At the end of each level you’re scored, and as expected, my scores were very much Not Great. However, replaying the first couple of levels, I managed to eek my way up to almost respectable once I got a feel for the maps, the different available weapons, and where the enemies were located. I expect that score-chasing is very much a part of the core-gameplay loop, and I could see the allure of replaying levels and trying to do just a little bit better each time.

Considering the whole game is pretty much a twitch-reflexes murder simulation, I’m actually shocked by how much fun I was having, even as I was failing over and over and over again.

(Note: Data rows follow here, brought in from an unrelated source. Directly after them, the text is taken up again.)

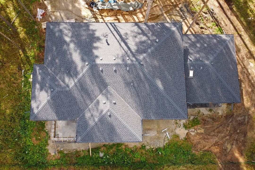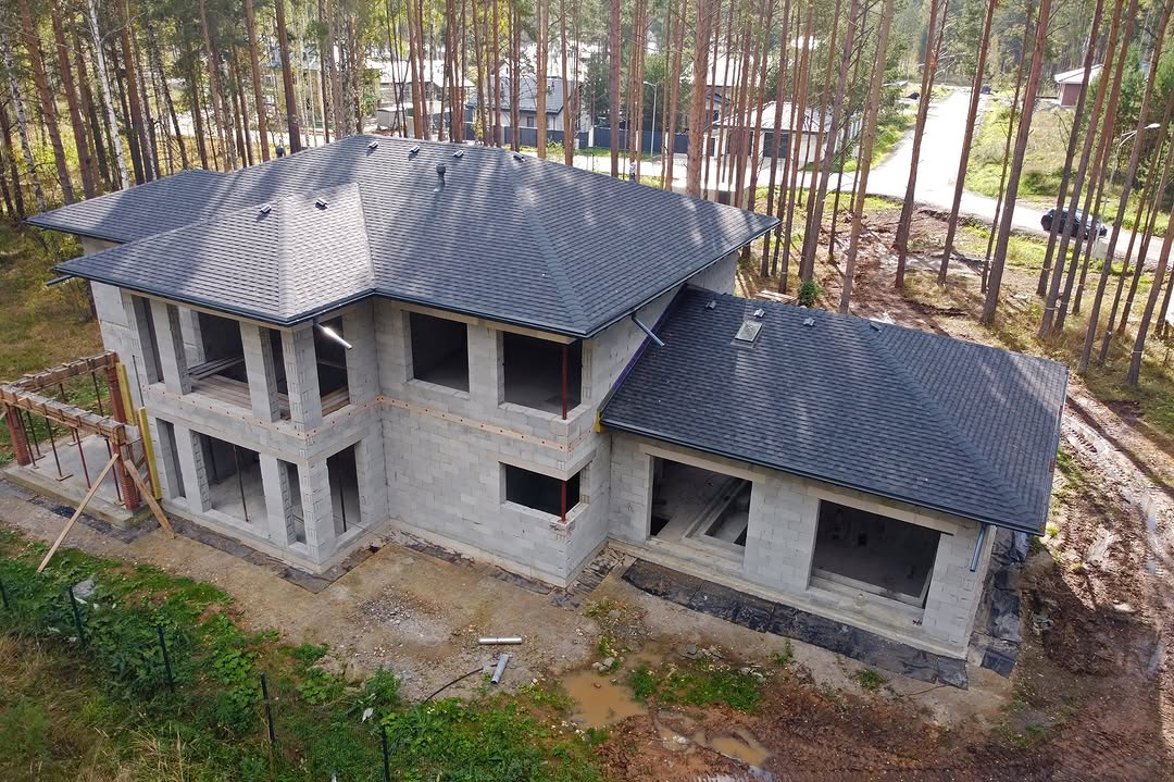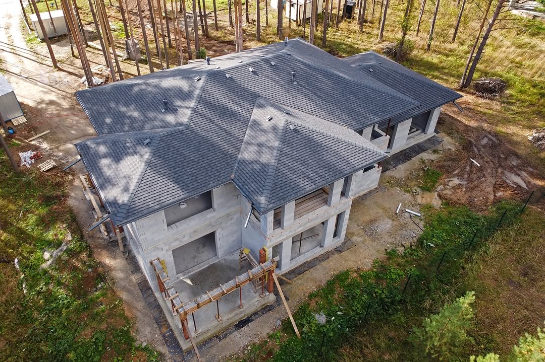Закончили монтаж кровли двухэтажного дома 366м² с бассейном и вторым светом по индивидуальному проекту.
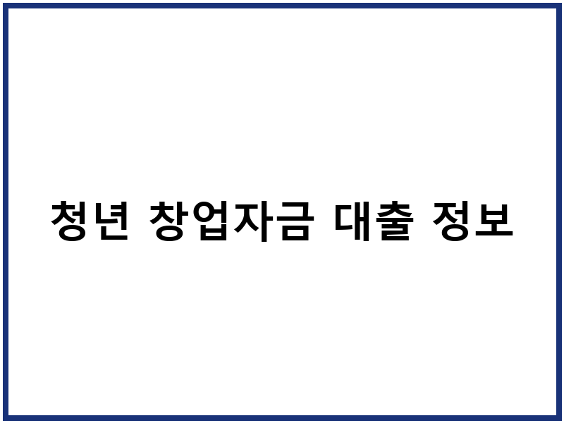 청년 창업자금 대출 조건
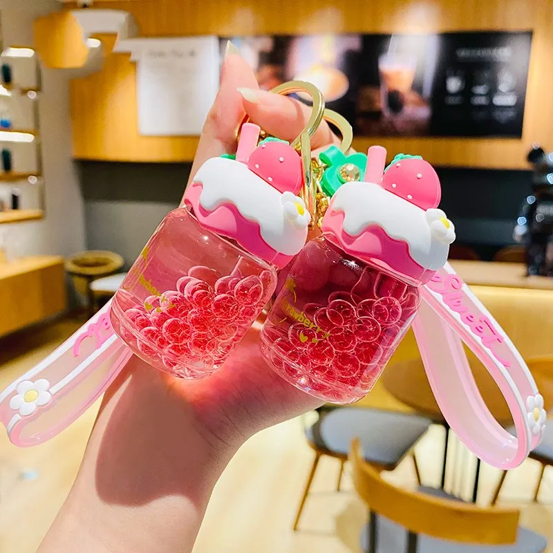 Creative Strawberry Cream Fruit Jar Girl Heart Keychain Automobile Hanging Ornament Exquisite

I fully admit to cracking a smile the first few times I interacted with something that looked innocuous that turned out to be lethal. Everything is a weapon, and every weapon behaves differently. Figuring that out is a key component of success, almost from the very beginning.

I considered playing around with the assist options, but the “options” seemed to be limited to an invulnerability mode. I really would have liked to see more settings to tweak; I am personally not a fan of playing on God Mode, but I may have played a lot longer if I could just dial down the challenge a bit (or even make the scores at the end disappear so I was on more of a pass/fail system). However, even based on my short playtime, I’d wholeheartedly recommend this one for someone who enjoys this type of challenge. The game felt really well put together, with smooth animations, a killer art style (pun only partially intended), and a fun soundtrack.


SteamDB estimates that Bloodroots has sold somewhere between 2,800 and 7,800 copies on Steam. Reviews have been very positive overall, and it is available via Xbox Game Pass for PC, which means the actual player numbers are likely far higher than the sales numbers reflect. It’s ranked 916 out of 10,967 games released in 2021.